I’ve discovered another compelling reason to visit this central Victorian city. The region is so rich with volcanic soil that it produces abundant excellent produce and wine. The surrounding area is bursting with cheesemakers, sheep and cattle farms, olive groves, truffières and, of course, vineyards, predominantly employing sustainable growing methods.

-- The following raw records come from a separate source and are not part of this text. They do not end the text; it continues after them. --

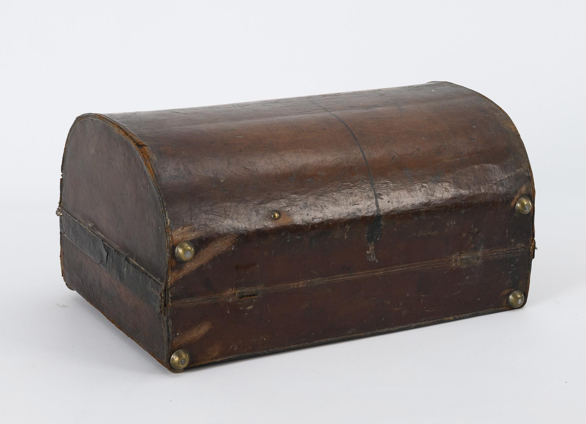 Cast iron, sheet iron and papier-mâché painted black or nickel-plated, gold lettering. Case 20 x 40 x 28 cm. L writing roller 23 cm.
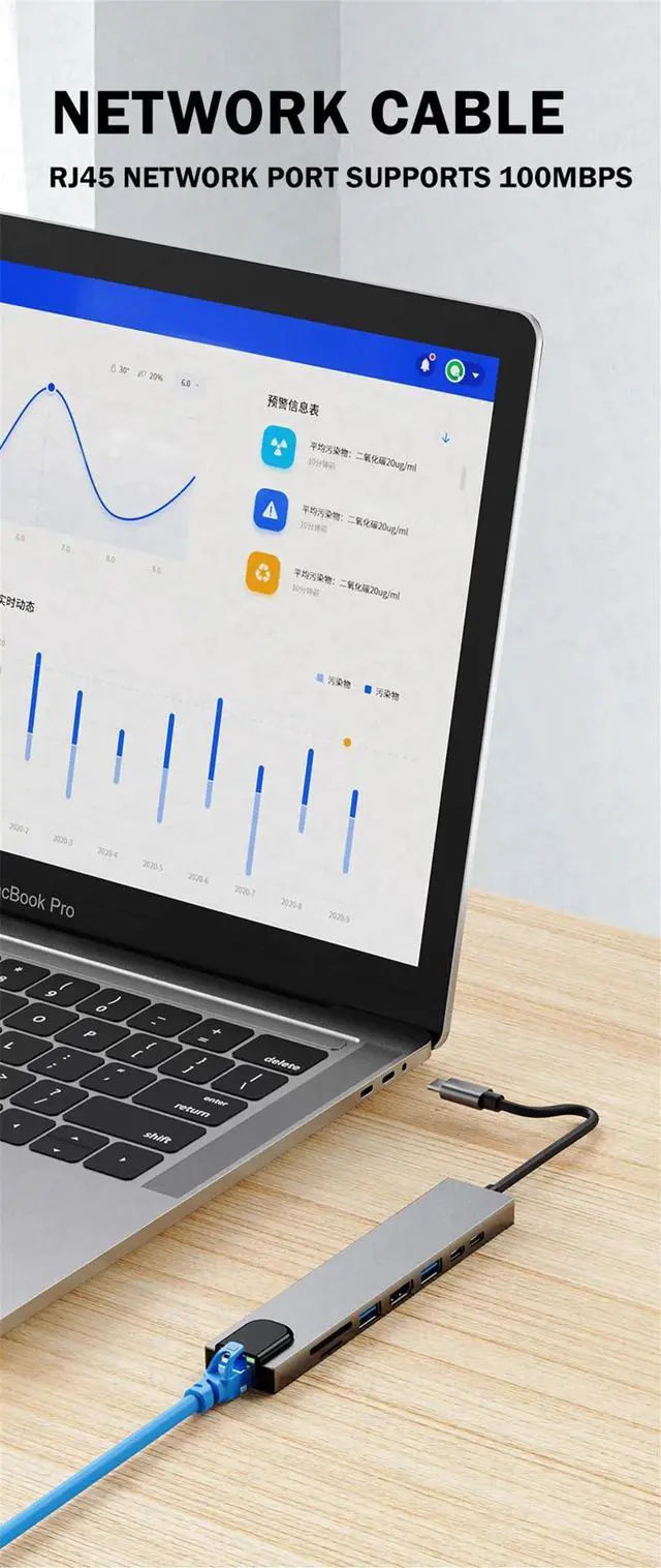 - USB C HUB 8 IN 1: USB-C hub adapter is compatible with all devices that include Type-C/USB ports, especially for MacBook Pro and Air. 8-in-1 USB-C HUB includes USB 3.0port, USB 2.0 port, USB C port, PD port, 4K HDMI video output, RJ45 100M Ethernet interface and SD / Micro SD card reader slots, compatible with MacBook Pro / Air, Chromebook and more Type-C devices. So that you can solve the problem of a single laptop interface anytime and anywhere.
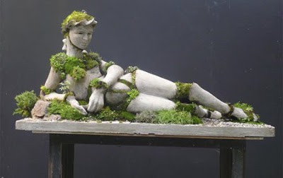 Robert Cannon refers to his sculpture technique as terraforming, a word used by scientists to describe the process of creating habitable, “earth-like” environments in places like the moon or other planets.  Cannon’s terraforms are much more, shall we say, down-to-earth. He builds them, often in the shapes of people, out of hollow shells of ferro-cement, adding pockets of earth and plants in the places where the pieces connect.  They look a bit like androids whose spaceship landed in the Garden of Eden.
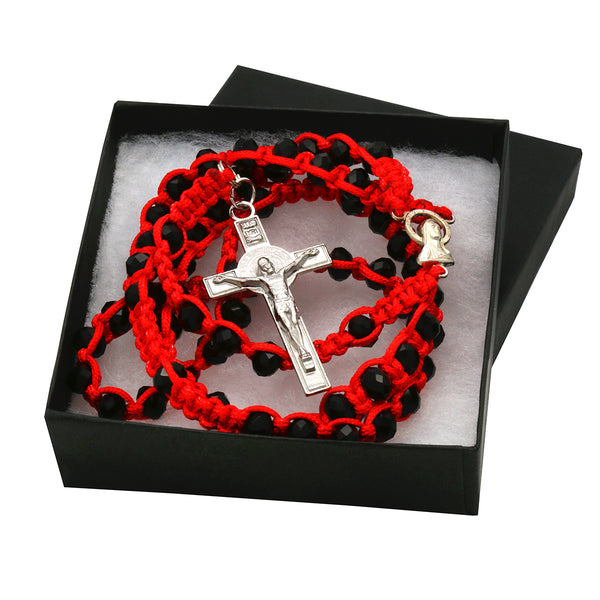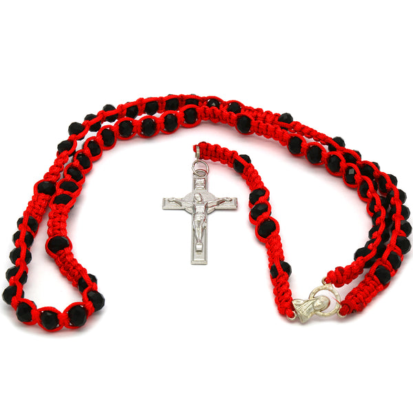 8MM Black Crystal Red Fabric Rosary With Cross Pendant

What impressed me most about the region is its true feeling of community. On a recent visit with a friend, every operator I spoke with recommended the next one. There’s a collective attitude that a rising tide lifts all boats in Ballarat. When we visit the Market Hotel in the industrial suburb of Delacombe for an afternoon drink, the pub’s owner encourages us to head out to Buninyong to check out the newly reopened Buninyong Hotel. There, the publican Simon Coghlan tells us to enjoy our dinner when we leave his booked-out pub dining room and head across the road to The Shared Table. Chef and owner, Dianne Ray, visits us at the table and tells us how she started the local farmers’ market before this venture and was inspired to showcase the range of amazing fresh produce the locals had to offer via her menu.

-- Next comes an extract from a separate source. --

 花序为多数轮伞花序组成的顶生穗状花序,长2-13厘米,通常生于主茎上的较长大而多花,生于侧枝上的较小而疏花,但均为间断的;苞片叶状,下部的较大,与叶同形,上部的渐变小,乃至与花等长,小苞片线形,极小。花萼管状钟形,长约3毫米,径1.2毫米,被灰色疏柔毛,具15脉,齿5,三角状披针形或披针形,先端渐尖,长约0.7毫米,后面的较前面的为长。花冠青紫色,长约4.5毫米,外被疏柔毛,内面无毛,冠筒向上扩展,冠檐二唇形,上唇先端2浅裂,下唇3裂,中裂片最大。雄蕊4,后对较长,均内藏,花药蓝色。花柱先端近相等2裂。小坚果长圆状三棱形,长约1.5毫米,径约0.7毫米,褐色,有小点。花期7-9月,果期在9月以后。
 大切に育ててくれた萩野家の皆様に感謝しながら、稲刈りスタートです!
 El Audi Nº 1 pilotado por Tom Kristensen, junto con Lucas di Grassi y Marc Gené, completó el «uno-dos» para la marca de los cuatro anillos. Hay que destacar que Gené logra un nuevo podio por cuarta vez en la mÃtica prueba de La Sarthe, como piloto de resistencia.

I order a Bended Knee chardonnay and the waitress praises my choice; it’s made in Buninyong and the winemaker is sharing a meal with friends at the next table. When the waitress slides a plate of baked green-lipped mussels before us, we are delighted by the freshness of the locally made butter dotted on top of the crumbed shellfish. The sweet, rich lamb falls off the rib bone. The calamari is salty and flavoured with cumin, Moroccan-style. Every bite in Ballarat is a reminder of the rich volcanic soil that surrounds the city.
At Black Cat Truffles the feast continues with a set menu stuffed with local produce, at Grainery Lane we indulge in cocktails made from gin distilled in Ballarat, and at Eastern Peake Vineyard a wine tasting reveals the range of mineral flavours that a well-planted vineyard can give rise to.

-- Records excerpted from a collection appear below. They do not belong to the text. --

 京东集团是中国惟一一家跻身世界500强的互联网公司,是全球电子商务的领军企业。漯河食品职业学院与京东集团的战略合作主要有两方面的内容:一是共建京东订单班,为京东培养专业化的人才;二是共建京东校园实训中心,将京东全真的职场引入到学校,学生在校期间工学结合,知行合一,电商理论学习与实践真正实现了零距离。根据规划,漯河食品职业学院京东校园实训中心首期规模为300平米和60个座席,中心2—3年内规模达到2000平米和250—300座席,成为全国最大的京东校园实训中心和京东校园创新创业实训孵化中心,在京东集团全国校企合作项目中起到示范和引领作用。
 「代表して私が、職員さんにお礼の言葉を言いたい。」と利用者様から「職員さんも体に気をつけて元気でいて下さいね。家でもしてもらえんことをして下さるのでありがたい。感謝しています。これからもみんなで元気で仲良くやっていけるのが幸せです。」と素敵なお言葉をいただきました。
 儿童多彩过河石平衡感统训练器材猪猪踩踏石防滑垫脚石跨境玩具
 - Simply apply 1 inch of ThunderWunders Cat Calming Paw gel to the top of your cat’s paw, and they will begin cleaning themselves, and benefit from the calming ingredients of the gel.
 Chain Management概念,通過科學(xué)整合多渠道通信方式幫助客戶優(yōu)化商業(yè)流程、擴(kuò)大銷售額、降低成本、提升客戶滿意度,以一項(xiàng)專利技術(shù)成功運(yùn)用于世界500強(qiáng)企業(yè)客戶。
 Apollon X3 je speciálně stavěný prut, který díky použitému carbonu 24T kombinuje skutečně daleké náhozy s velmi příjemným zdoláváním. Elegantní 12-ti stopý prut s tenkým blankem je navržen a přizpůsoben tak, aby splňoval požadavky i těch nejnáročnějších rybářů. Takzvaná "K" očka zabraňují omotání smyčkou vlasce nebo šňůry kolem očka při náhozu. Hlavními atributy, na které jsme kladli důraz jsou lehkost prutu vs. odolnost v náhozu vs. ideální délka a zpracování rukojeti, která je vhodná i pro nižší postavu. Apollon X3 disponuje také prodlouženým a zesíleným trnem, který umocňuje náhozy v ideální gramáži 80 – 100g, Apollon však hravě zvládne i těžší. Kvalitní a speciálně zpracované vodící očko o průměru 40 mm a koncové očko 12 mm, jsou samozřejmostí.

Once, visitors to Ballarat made a beeline for the museums, art galleries and Sovereign Hill to learn about the history of the gold rush. The modern flavours of Ballarat are telling a fresh story and old meets new in a brilliantly unexpected way. Dig a little deeper and you will discover that the gold you find is not in the ground, it’s in the experiences you have with those you love and whose company you enjoy.
How to get to Ballarat, Victoria
Ballarat is about an hour’s drive from Melbourne Airport. For those without a vehicle, V/Line Trains leave Melbourne’s Southern Cross Station hourly.
Where to stay in Ballarat, Victoria
Rooms at Hotel Vera are from $329 a night.
Travellers’ tips for visiting Ballarat, Victoria
Go behind the scenes by booking a tour at the Australian Centre for Gold Rush Collections at Sovereign Hill. Time a visit to Sovereign Hill for July 4-27 and you’ll see the historic streetscapes illuminated for the annual Winter Wonderlights festival. If you’re north of Ballarat and heading along the Sunraysia Highway, stop in for a glass of vino at Summerfield Winery.
The writer was a guest of Visit Ballarat.